Seismic analysis of cantilever retaining walls

Cantilever retaining structures are susceptible to failure during strong earthquakes because of seismically induced lateral earth pressures and inertial effects on the wall. Dynamic non-linear finite element analyses have been performed in the time domain to assess the dynamic behavior of cantilever retaining walls subjected to earthquake loading. The earthquake loading records used in the analyses were from actual measured earthquake acceleration time histories. A parametric study has been performed to study the most effective variables controlling the behavior of cantilever retaining walls. These variables are classified into five main groups. The first group, soil properties, includes the soil angle of internal friction, soil modulus, coefficient of lateral earth pressure at rest, Poisson's ratio, soil dilation angle, and coefficient of friction between the wall and soil. The second group, wall configuration, contains wall height, base width, wall thickness, the eccentricity of the wall relative to the base, and presence or absence of a heel attached to the base. The third group, earthquake load, consists of the earthquake source type and the maximum acceleration of the earthquake motion.

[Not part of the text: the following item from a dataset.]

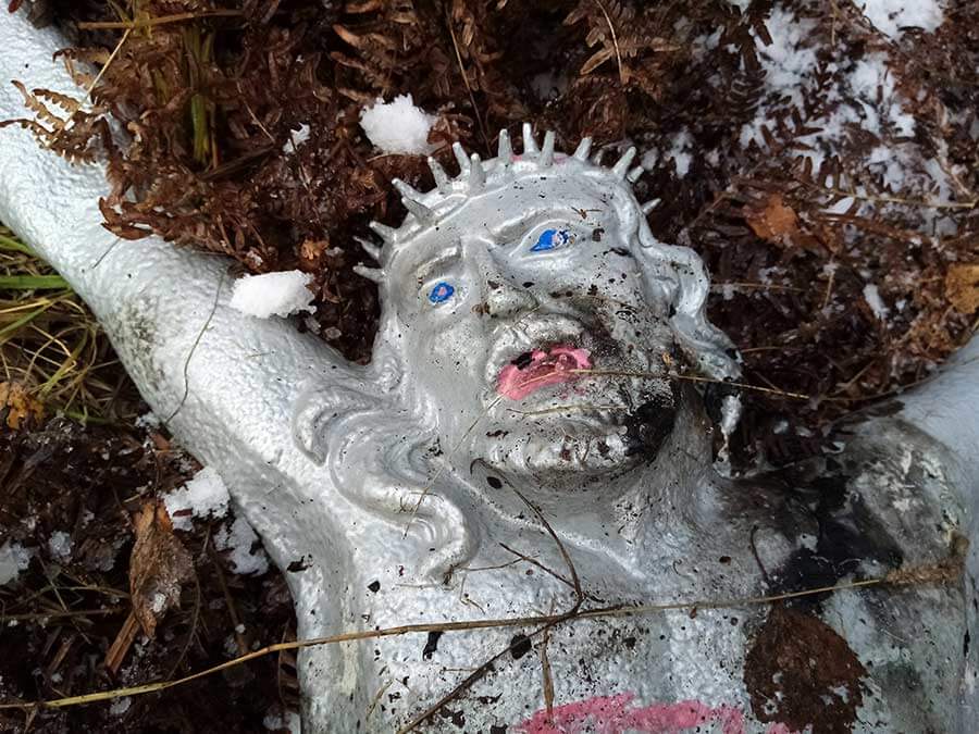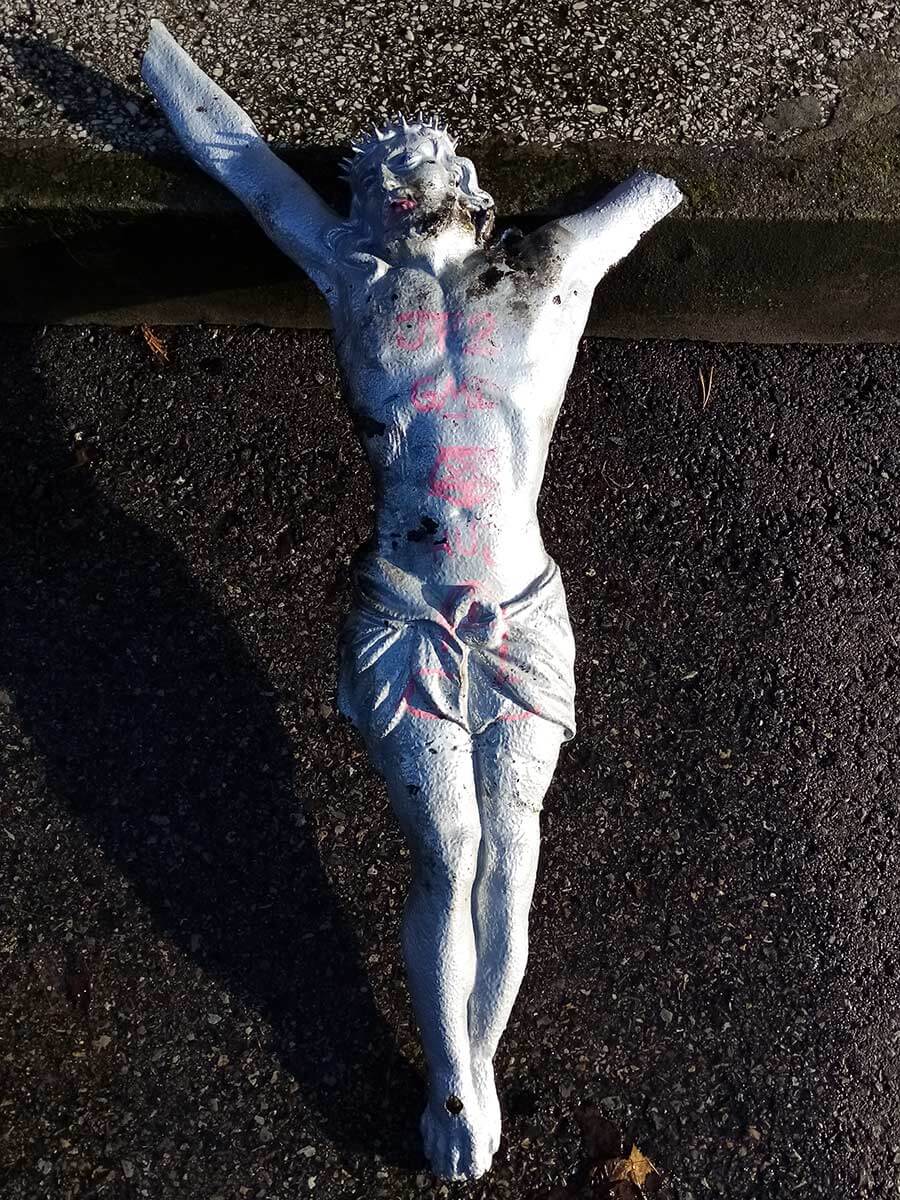 A co wydarzyło się pół roku temu latem? Ślady na figurze wskazują, że była prawdopodobnie palona w ognisku i tłuczona. Twarz wizerunku pokryto "makijażem", a na ciele napisano "JP2 GMD" (pierwotnie "Jan Paweł II Gaude Mater Deus", w slangu młodzieżowym GMD ma różnie tłumaczone rozwinięcie ośmieszające lub szkalujące Jana Pawła II) satanistyczny pentagram, wulgaryzm i obsceniczny rysunek. Trudno jest domniemywać wiek sprawców, jednak ich motywy są wyraźnie profanacyjne. Wzburza nie tylko drastyczna nienawiść czynu na podłożu religijnym, ale też jego wymiar historyczny, ponieważ mowa tu o wyjątkowo starym zabytku, który był do tej pory ogólnodostępny w lesie.

The fourth group, damping properties, includes soil damping properties and effects of the soil damping and concrete damping on earthquake performance of the structure. The fifth group, crack model, includes non-linear concrete wall concrete material properties such as concrete compressive strength, yield strength in reinforcement steel, and the percentage of reinforcement in the wall. In this study, the lateral and vertical total and plastic deflection of the wall have been evaluated. The distribution and center of gravity of the seismic lateral earth pressure loading behind the wall are discussed. The distribution of the bearing stress below the wall base has been developed. The vertical normal stress and the moment distribution in the wall have also been evaluated. A design manual has been developed for evaluation of the effect of earthquake loading on the behavior of the cantilever retaining walls, and a step-by-step design procedure was developed. An interactive software package has been developed to guide users through the analysis and design of cantilever retaining walls subjected to seismic loads.